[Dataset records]

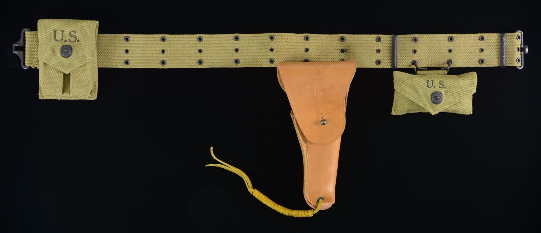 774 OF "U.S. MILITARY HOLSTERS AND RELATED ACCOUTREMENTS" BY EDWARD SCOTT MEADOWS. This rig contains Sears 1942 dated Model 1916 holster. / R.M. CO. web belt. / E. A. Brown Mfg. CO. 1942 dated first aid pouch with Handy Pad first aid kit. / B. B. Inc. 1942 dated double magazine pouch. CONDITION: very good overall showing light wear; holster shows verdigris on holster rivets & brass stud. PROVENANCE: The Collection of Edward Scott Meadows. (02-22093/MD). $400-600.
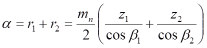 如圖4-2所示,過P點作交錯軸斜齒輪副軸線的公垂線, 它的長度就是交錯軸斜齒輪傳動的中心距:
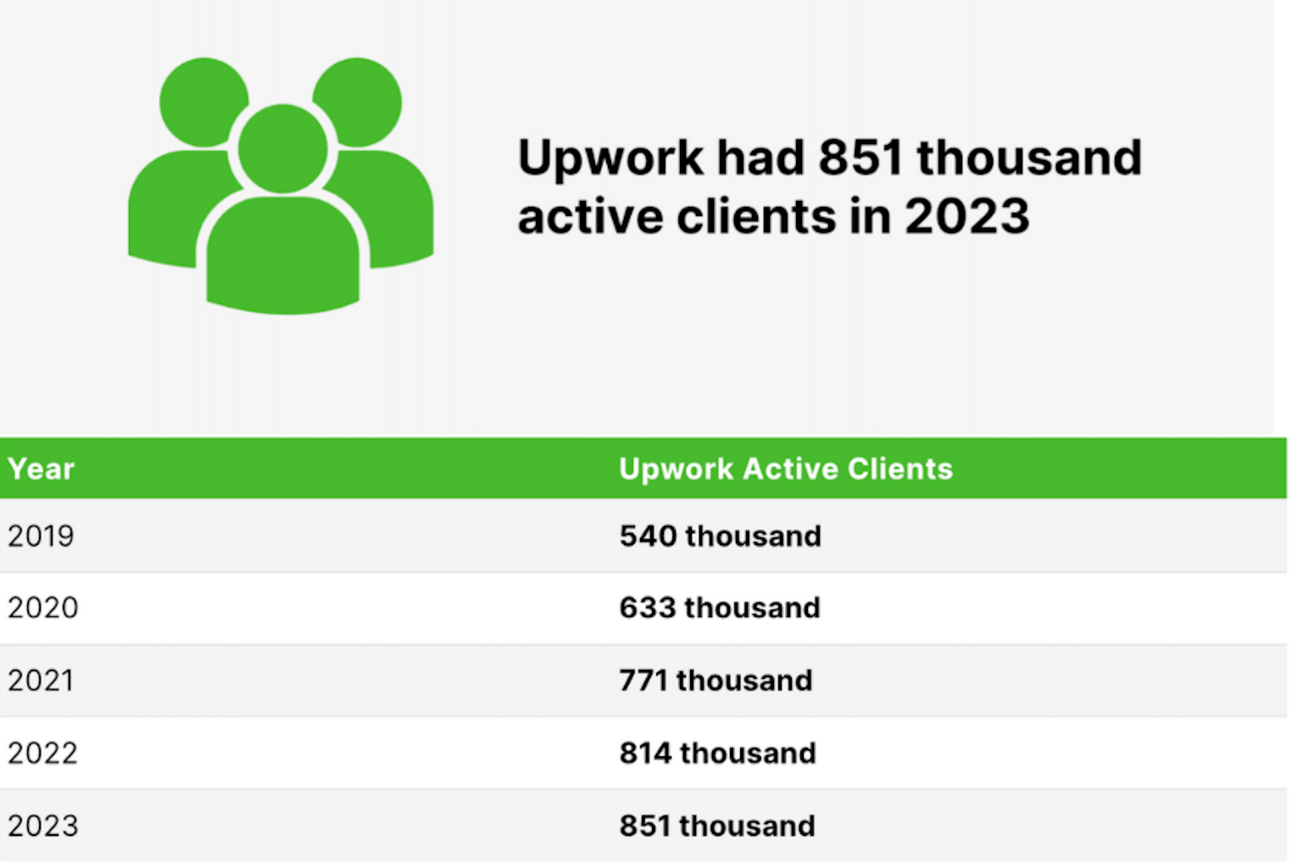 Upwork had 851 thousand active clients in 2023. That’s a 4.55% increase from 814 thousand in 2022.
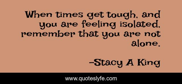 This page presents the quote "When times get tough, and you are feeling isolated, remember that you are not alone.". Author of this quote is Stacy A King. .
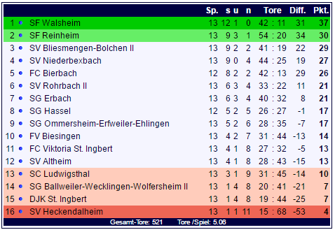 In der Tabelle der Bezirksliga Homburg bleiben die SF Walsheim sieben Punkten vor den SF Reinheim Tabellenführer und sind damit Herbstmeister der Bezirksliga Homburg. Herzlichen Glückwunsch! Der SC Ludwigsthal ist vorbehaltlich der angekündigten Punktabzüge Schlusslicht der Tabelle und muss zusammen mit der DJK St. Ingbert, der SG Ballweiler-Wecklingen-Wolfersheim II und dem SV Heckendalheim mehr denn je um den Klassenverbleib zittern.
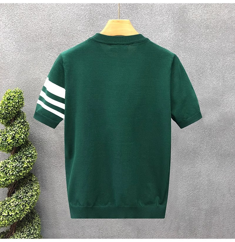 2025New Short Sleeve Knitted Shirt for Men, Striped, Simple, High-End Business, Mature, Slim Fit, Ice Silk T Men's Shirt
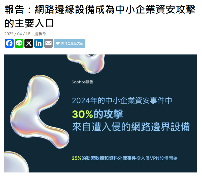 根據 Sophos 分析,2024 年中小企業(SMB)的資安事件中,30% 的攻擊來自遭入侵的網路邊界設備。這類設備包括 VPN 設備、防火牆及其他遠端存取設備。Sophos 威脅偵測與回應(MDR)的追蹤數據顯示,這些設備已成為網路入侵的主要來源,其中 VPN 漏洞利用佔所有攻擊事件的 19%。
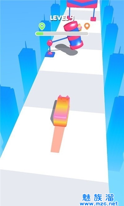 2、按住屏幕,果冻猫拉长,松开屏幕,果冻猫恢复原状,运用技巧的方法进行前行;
--
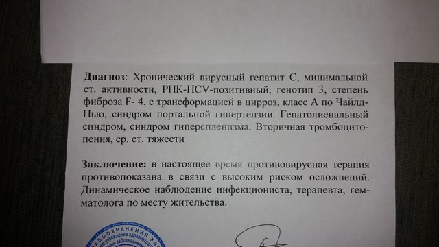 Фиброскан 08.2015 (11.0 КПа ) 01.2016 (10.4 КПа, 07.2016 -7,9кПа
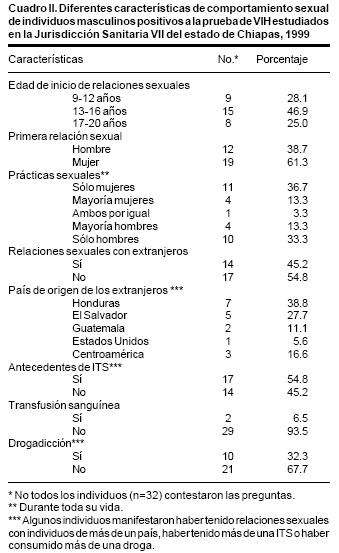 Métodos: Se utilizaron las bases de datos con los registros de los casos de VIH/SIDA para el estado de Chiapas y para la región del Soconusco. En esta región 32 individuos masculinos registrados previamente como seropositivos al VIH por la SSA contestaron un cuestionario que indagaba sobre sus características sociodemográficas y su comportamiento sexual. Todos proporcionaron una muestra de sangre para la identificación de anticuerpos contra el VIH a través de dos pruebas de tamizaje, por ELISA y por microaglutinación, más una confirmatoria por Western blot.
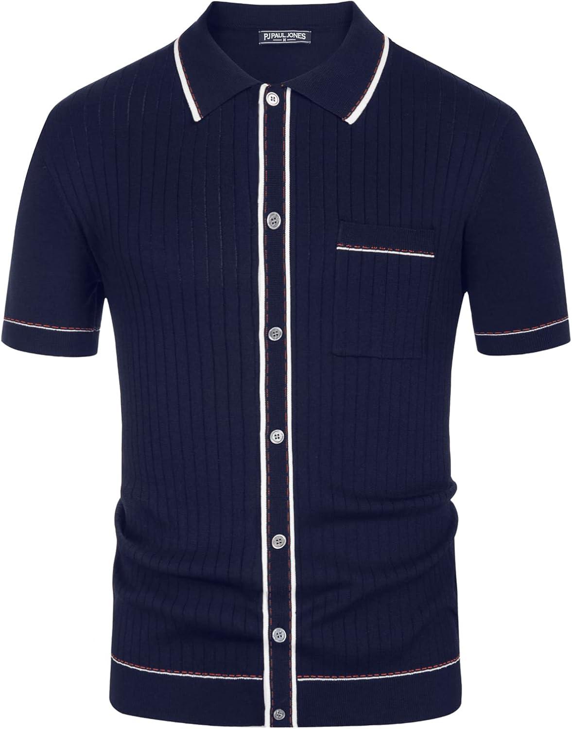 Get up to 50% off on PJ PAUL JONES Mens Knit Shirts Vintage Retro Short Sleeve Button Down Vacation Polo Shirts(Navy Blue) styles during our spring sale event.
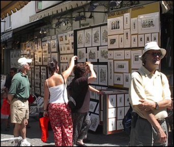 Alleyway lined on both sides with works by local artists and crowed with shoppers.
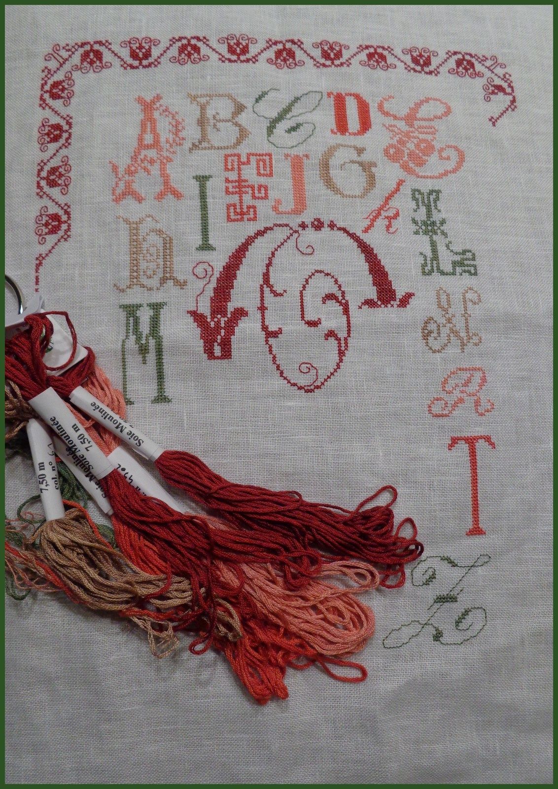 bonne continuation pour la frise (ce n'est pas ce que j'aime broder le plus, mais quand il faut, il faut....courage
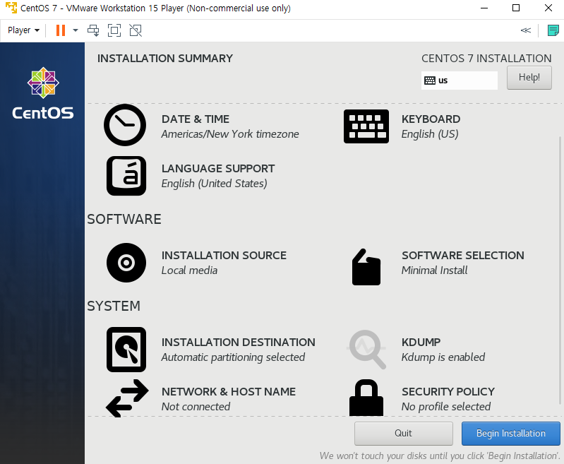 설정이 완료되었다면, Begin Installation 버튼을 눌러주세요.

» **EXERCISE DIRECTIONS**: Those lines of the records above that run from the one containing "bonne continuation pour" through the one containing "설정이 완료되었다면, Begin Installation 버튼을 눌러주세요." should be returned exactly, with no pictures among them.

» **SOLUTION**:
 bonne continuation pour la frise (ce n'est pas ce que j'aime broder le plus, mais quand il faut, il faut....courage
 설정이 완료되었다면, Begin Installation 버튼을 눌러주세요.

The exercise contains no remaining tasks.